The biggest known ice volcanoes, which spew ice instead of lava, are located on Pluto. Now it turns out size is not the only feature setting apart Pluto's "cryovolcanoes" from all others. In a study published Tuesday in Nature Communications, scientists reveal these cryovolcanoes are unlike any features ever seen.
What did the scientists do? — The researchers examined data that NASA's New Horizons spacecraft collected when it flew by Pluto in 2015. They focused on two volcanoes — Wright Mons and Piccard Mons — analyzing images that revealed details about their structures, and infrared and color scans that shed light on their compositions.
Wright Mons stands about 3.1 miles (5 kilometers) high and spans roughly 93 miles (150 km), similar in size to Mauna Loa in Hawai'i, the largest active volcano on Earth. Piccard Mons is even bigger at about 4.3 miles (7 km) high and 140 miles (225 km) wide. Other known cryovolcanoes pale in comparison — for instance, Doom Mons on Saturn's moon Titan stands only about 0.9 miles (1.5 km) high and 50 miles (80 km) across.
What did they find? — The cryovolcanoes on Pluto look like nothing else scientists have seen. "The great part of going to a new place in the Solar System is that you always find something new," study lead author Kelsi Singer, a planetary scientist at the Southwest Research Institute in Boulder, Colorado, tells Inverse. "There is really nothing else in the Solar System that looks like these features."

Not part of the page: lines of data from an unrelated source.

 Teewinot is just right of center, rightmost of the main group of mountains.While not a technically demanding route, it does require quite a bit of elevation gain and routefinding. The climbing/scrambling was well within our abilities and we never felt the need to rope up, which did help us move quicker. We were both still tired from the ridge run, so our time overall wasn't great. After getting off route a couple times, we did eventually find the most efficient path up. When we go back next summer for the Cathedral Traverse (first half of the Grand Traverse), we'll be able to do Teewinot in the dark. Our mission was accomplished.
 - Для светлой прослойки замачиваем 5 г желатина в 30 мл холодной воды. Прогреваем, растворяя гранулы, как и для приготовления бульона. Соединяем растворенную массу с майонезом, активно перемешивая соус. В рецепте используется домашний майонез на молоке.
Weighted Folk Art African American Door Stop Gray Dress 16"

The cryovolcanic areas encompass many volcanic domes, with some merging to form larger structures. These suggest that a large amount of mostly water ice — more than 2,400 cubic miles (10,000 cubic km) erupted from multiple sites, likely in more than one event over time.

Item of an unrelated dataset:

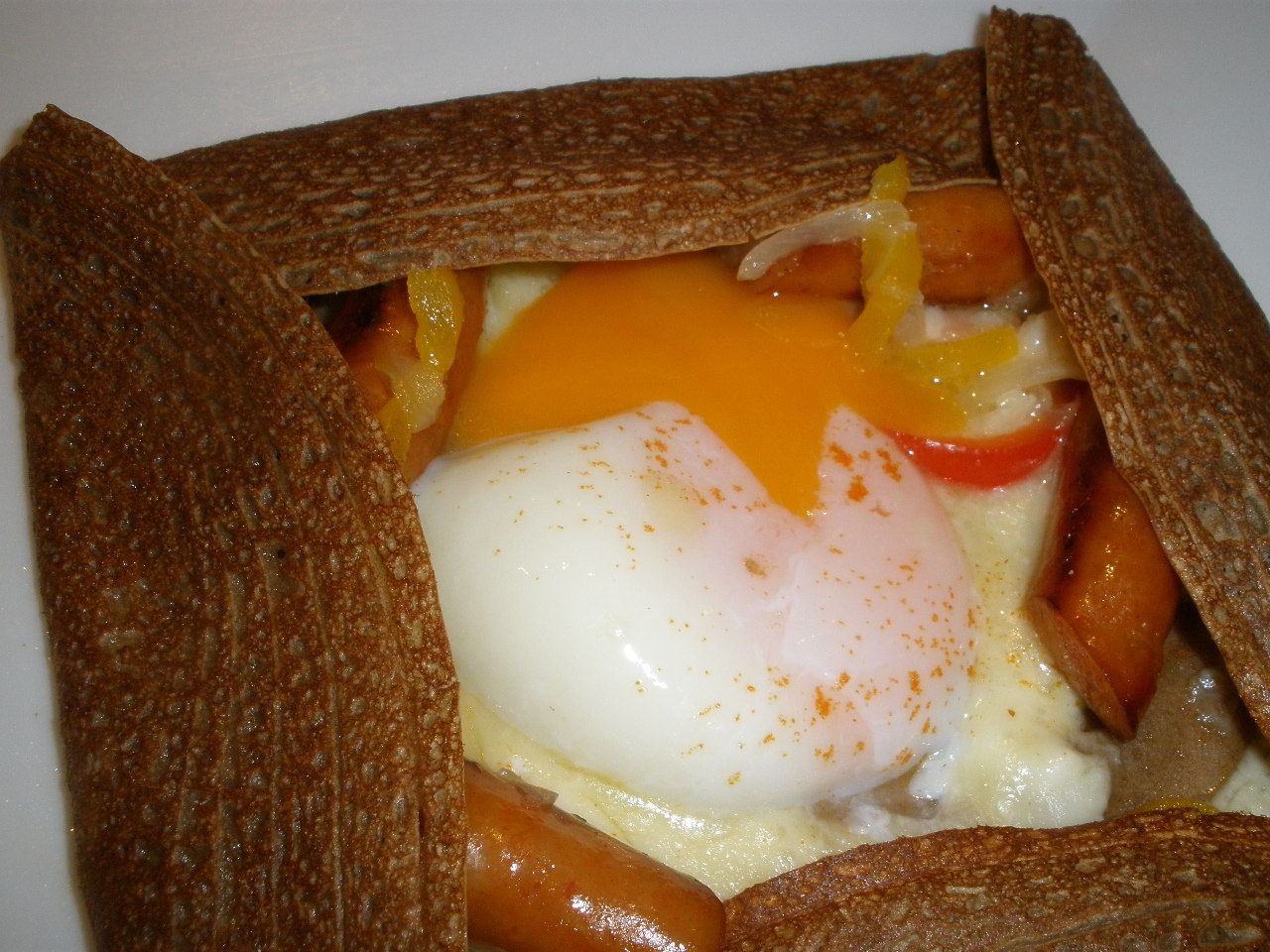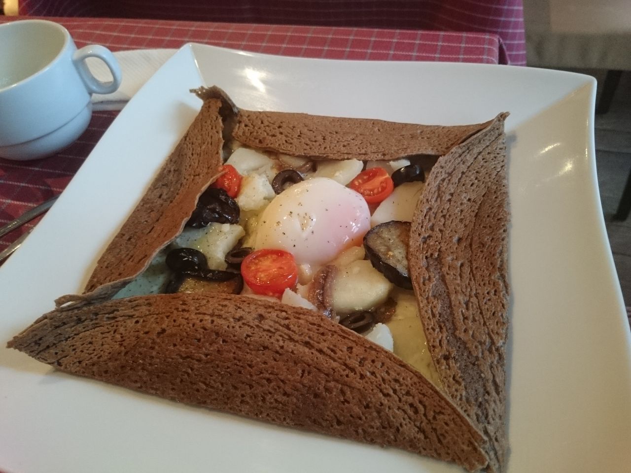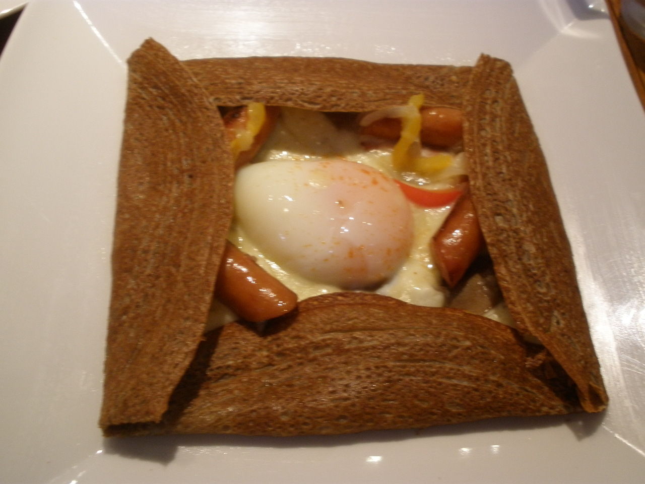 パリッと折りたたまれたたガレットにたまごとチーズをからめて食べたらおいし~い

For example, the flanks of Wright Mons and much of the surrounding terrain are covered in humps 3.7 to 7.4 miles (6 to 12 km) wide on average. These surfaces are unlike what might see from terrains scoured by glacial erosion or carved by volatile ices transforming into vapor — instead, they might have formed from the viscous flow or either slushy or solid but still mobile material.
Other known cryovolcanic features are very different from Pluto's — either vast flat plains like those on Triton, which might have originated from floods of lava like the lunar mares on Earth's moon, or a few isolated mountains or domes on places like Ceres, Europa or Titan. "None have the textures like we have found on Pluto," Singer says.

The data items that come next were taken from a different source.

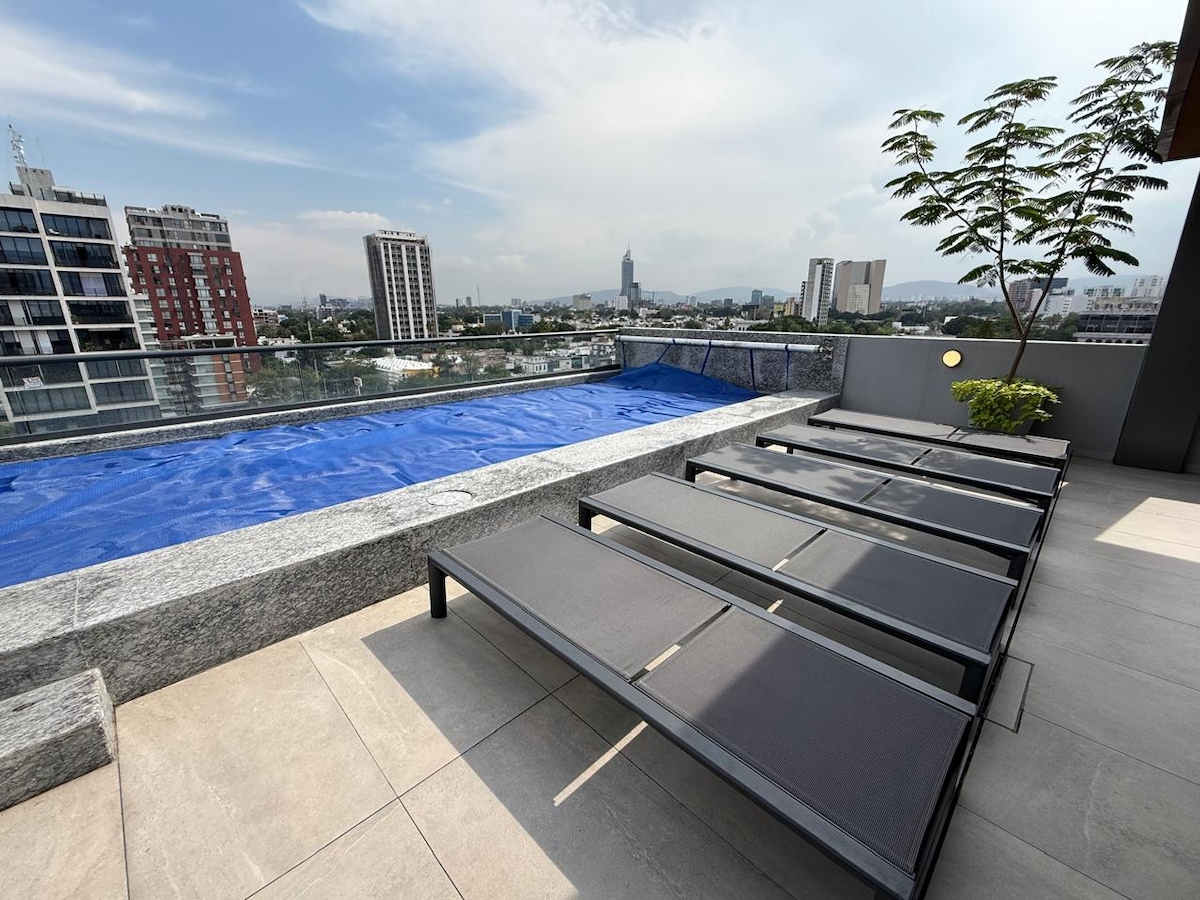 Apartament z grillem na dachu + siłownia | Av. Chapultepec
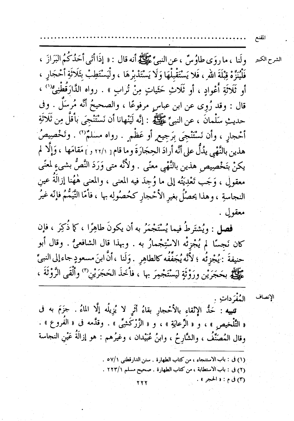 تنبيه: حَدُّ الإنْقاءِ بالأحْجارِ بقاءُ أثَرٍ لا يُزِيلُه إلَّا الماءُ. جَزمَ به في «التَّلْخيص»، و «الرِّعاية»، و «الزَّرْكَشِيِّ». وقدَّمه في «الفُروع». وقال المُصَنِّفُ، والشارِح، وابنُ عُبَيدان، وغيرُهم: هو إزالةُ عَينِ النجاسة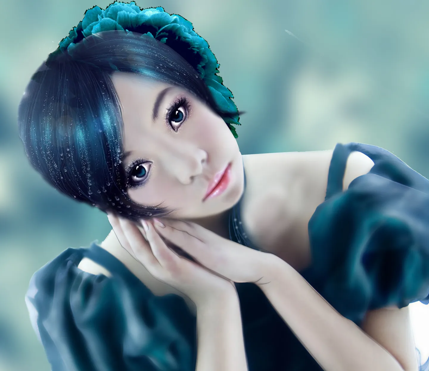 人物头花没扣好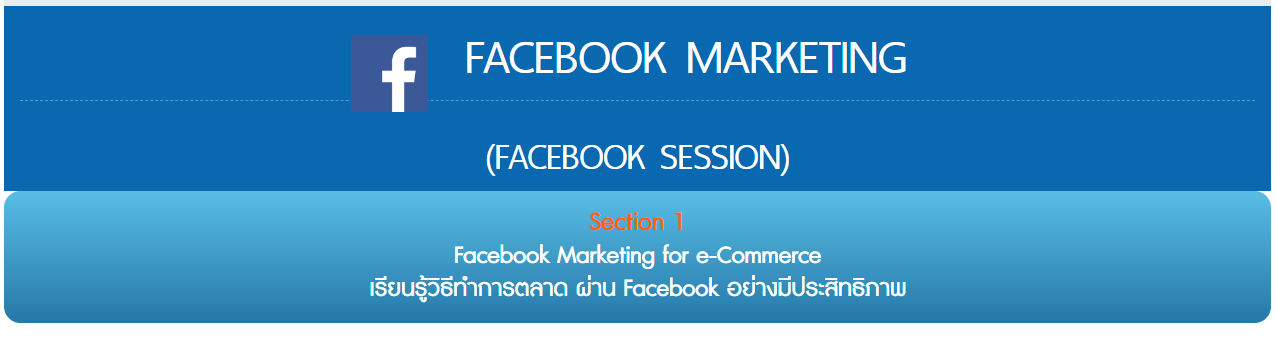 เรียน Facebook Marketing Plan ที่จะทำให้คุณสามารถวางแผนและใช้เครื่องมือโฆษณาของ Facebook ทุกรูปแบบ เชื่อมโยงเข้าด้วยกันอย่าง "มีกลยุทธ์" ไม่ใช้สอนเพียงแค่ ให้คุณขายของ Online เก่งที่สุด แต่จะทำให้คุณเข้าใจการทำตลาดด้วย Facebook รู้ลึกในทุกแง่มุม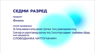 ОШ7 – Физика, 16. час: Хитац навише и хитац наниже. Кретање тела у гравитационом пољу... (утврђивање и обрада)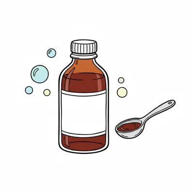 Braune Medizinflasche mit weißem Etikett und Löffel voll Sirup, umgeben von Blasen.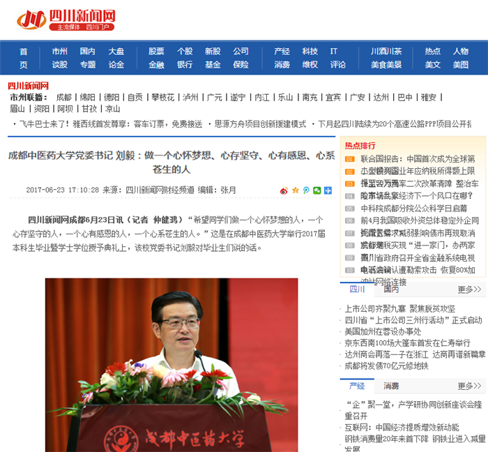 “今年的5月11日晚,在成都全球创新创业交易会的现场,举行了一场关于‘中西医文化’的顶尖对话。对话的一方是诺贝尔生理学/医学奖获得者、美籍德裔科学家托马斯·苏德霍夫教授。而另一方是《中国中医文化蓝皮书》主编、北京中医药大学中医药文化研究与传播中心主任毛嘉陵教授。毛嘉陵教授是伟德医78级校友,他从踏入成中医的第一天起,就心怀中医梦,为中医药文化的传播和发展贡献着自己的力量,向社会不断发出振兴中医药的呼声。正如他自己所说:我一生要为中国人祖先的智慧‘打抱不平’,要为中医中药彻底‘正名’,要为中华优秀文化和东方科学在世界‘扬名’。”他对毕业生们说,梦想,是对未来的一种期许,是与命运博弈时的一种信仰,他希望毕业生们做一个心怀梦想的人。
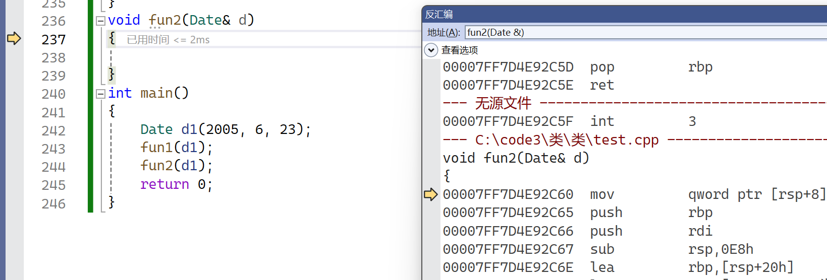 在这里按F11,我们目的是进入fun1,函数,这里却跳入拷贝构造函数

The unique nature of Pluto's cryovolcanoes likely results from a special combination of its thin atmosphere, extremely cold temperatures, low gravity, and unique composition. "For example, a fluid like liquid water can remain as water on the surface of Earth because of our higher atmospheric pressure," Singer says. "But on Pluto, with its thin atmosphere, it is much closer to vacuum-like conditions, so any liquid that reached the surface would both boil and freeze at the same time and would not remain liquid for long. Also, it is easier to build taller features on Pluto because of the lower gravity."
These cryovolcanoes apparently emerged relatively recently in Pluto's history. They are covered with few to none of the craters that regularly pepper a planet or moon's surface from cosmic impacts, suggesting they are at most 1 billion to 2 billion years old, and possibly much younger.
It remains uncertain how Pluto might still possess enough heat for cryovolcanoes to recently erupt on its surface. As a world less than three-quarters as wide as Earth's moon and less than a fifth of its mass, scientists would have expected it would have cooled off quickly, essentially losing all of the heat it was born with by now.
One possible explanation is that some heat within Pluto might have gotten trapped between thermally insulating layers, like hot coffee kept in a thermos. "Then, if there is a fracture or fault that forms, that could let the heat out all at once," Singer says.
The discovery of these relatively recent cryovolcanoes on Pluto "will cause us to reevaluate the possibilities for the maintenance of liquid water on small, icy worlds that are far from the Sun, and the active processes that allow for the exchange of water between the surfaces and interiors of these worlds," Lynnae Quick, a planetary scientist at NASA’s Goddard Space Flight Center in Greenbelt, Maryland, who did not take part in this research, tells Inverse.
All in all, "finding features that are completely unique to Pluto, that appear to be built late in Pluto's history, tells us that we don't understand everything about how planetary bodies operate," Singer says. "Having more examples of volcanic features across the solar system helps us expand our knowledge of what is possible."
What’s next — Much remains unknown about these cryovolcanoes. "Unfortunately, we don't have a lot of information about what is happening below the surface of Pluto, and the underground plumbing system is an important part of understanding volcanism anywhere in the solar system," Singer says. "Getting more information about the subsurface would likely require a Pluto orbiter mission, but sometimes people can come up with creative ways of learning about the subsurface from other observations."
Besides sending another spacecraft mission to Pluto, future research to learn more about these cryovolcanoes should conduct experiments to understand how the icy materials there behave under Pluto's conditions. "There is very little work on this, so it is hard to know what numbers to put into the models of how these features might form," Singer says.